::: TASK DATA :::

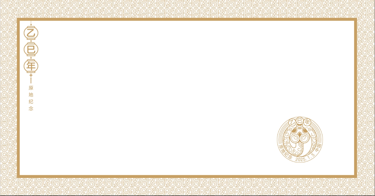 为配合原地邮局在乙巳年的相关活动,中国集邮有限公司于2025年1月5日发行《乙巳年》生肖原地封一枚,贴2025年贺年专用邮票一枚、2025-1《乙巳年》生肖套票。
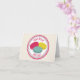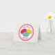 Un notecard que ofrece un ilustracion de tres macarons franceses (rosa, azul, y amarillo) dentro de un círculo rosado y azul decorativo con el texto rosado "Bonjour" y "hola." Esconda dentro.
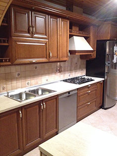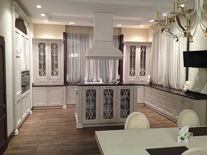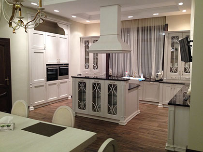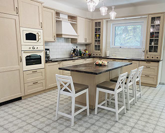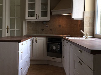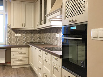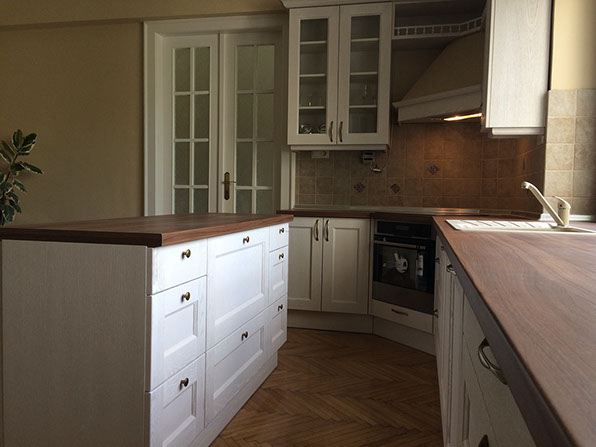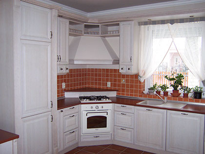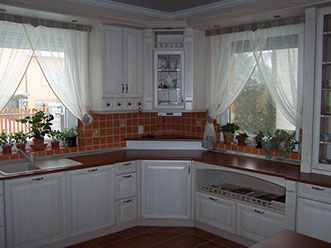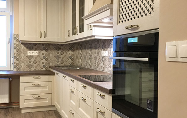 Ebben stílusban meghatározó elem a kürtős páraelszívó, melynek burkolatát mi alakítjuk ki.
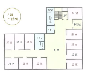 広さの異なる完全個室のお部屋が1階、2階あわせて19室ございます。 ・Aタイプ・2階(10.52㎡):緊急コール/洗面台/エアコン ・Bタイプ・1階(8.62㎡):緊急コール/エアコン
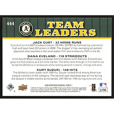 This is a 2009 Upper Deck Jack Cust, Dana Eveland and Kurt Suzuki Team Leaders baseball card. The card is #444 and pictures show condition. Team(s): Oakland Athletics
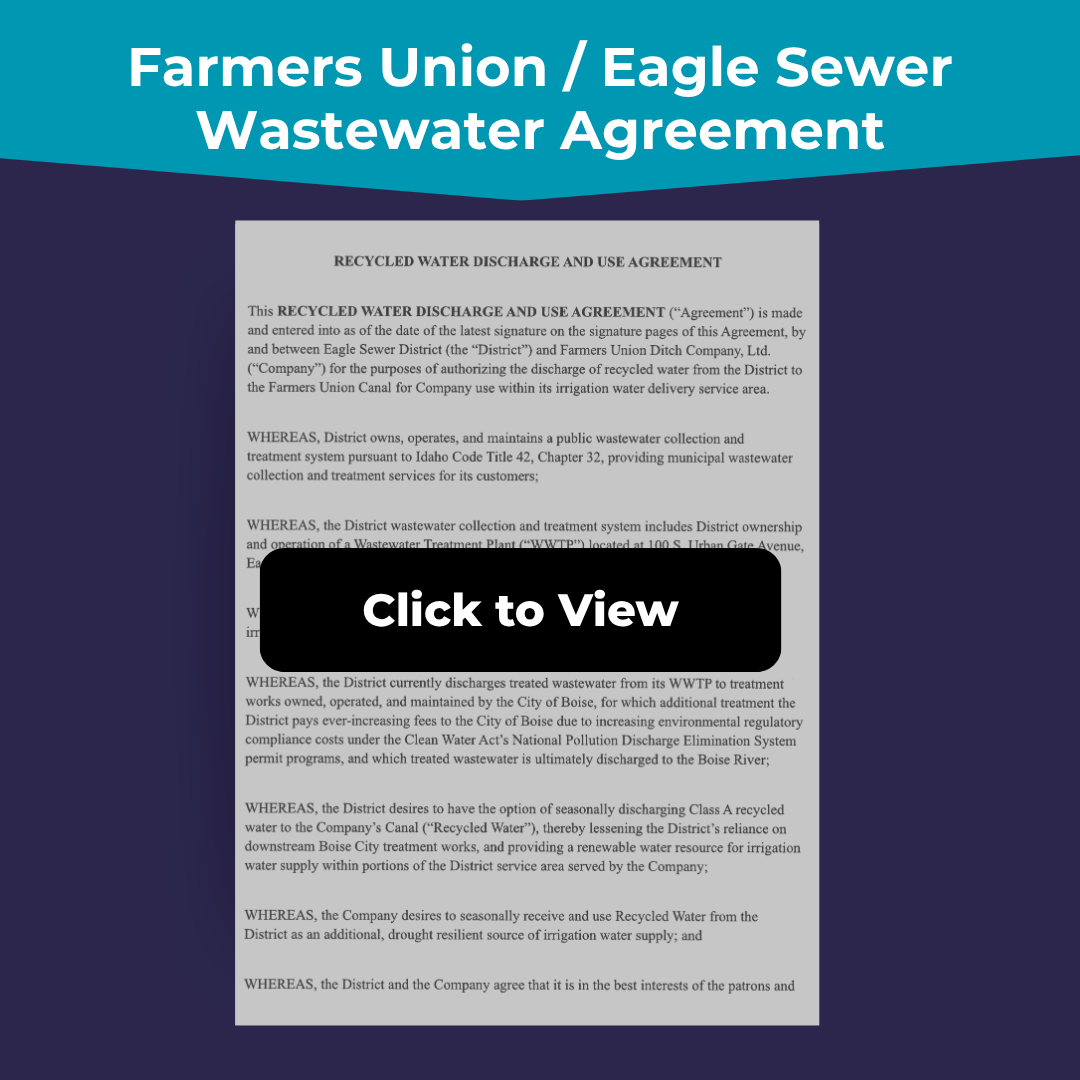 In October 2024, Farmers Union Ditch Company signed an agreement with Eagle Sewer District (ESD) to discharge Class A treated municipal sewer water into the canal system.
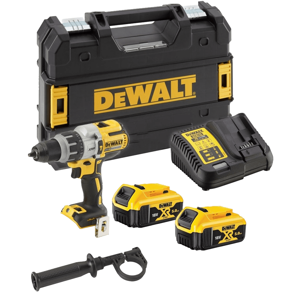 - Mașină de găurit cu percuție cu 2 acumulatori DeWalt DCD996P2 – Cea mai nouă și puternică generație de mașini XRP (Xtreme Runtime & Power) de găurit și înșurubat cu percuție și motor BRUSHLESS ce au în dotare acumulatori Li-Ion XR de 5.0Ah

:::

● **DIRECTIONS**:
Output exactly the span of lines from the top of the listing through the line holding "In October 2024, Farmers", and leave every picture out.

● **WRITTEN SOLUTION**:
 为配合原地邮局在乙巳年的相关活动,中国集邮有限公司于2025年1月5日发行《乙巳年》生肖原地封一枚,贴2025年贺年专用邮票一枚、2025-1《乙巳年》生肖套票。
 Un notecard que ofrece un ilustracion de tres macarons franceses (rosa, azul, y amarillo) dentro de un círculo rosado y azul decorativo con el texto rosado "Bonjour" y "hola." Esconda dentro.
 Ebben stílusban meghatározó elem a kürtős páraelszívó, melynek burkolatát mi alakítjuk ki.
 広さの異なる完全個室のお部屋が1階、2階あわせて19室ございます。 ・Aタイプ・2階(10.52㎡):緊急コール/洗面台/エアコン ・Bタイプ・1階(8.62㎡):緊急コール/エアコン
 This is a 2009 Upper Deck Jack Cust, Dana Eveland and Kurt Suzuki Team Leaders baseball card. The card is #444 and pictures show condition. Team(s): Oakland Athletics
 In October 2024, Farmers Union Ditch Company signed an agreement with Eagle Sewer District (ESD) to discharge Class A treated municipal sewer water into the canal system.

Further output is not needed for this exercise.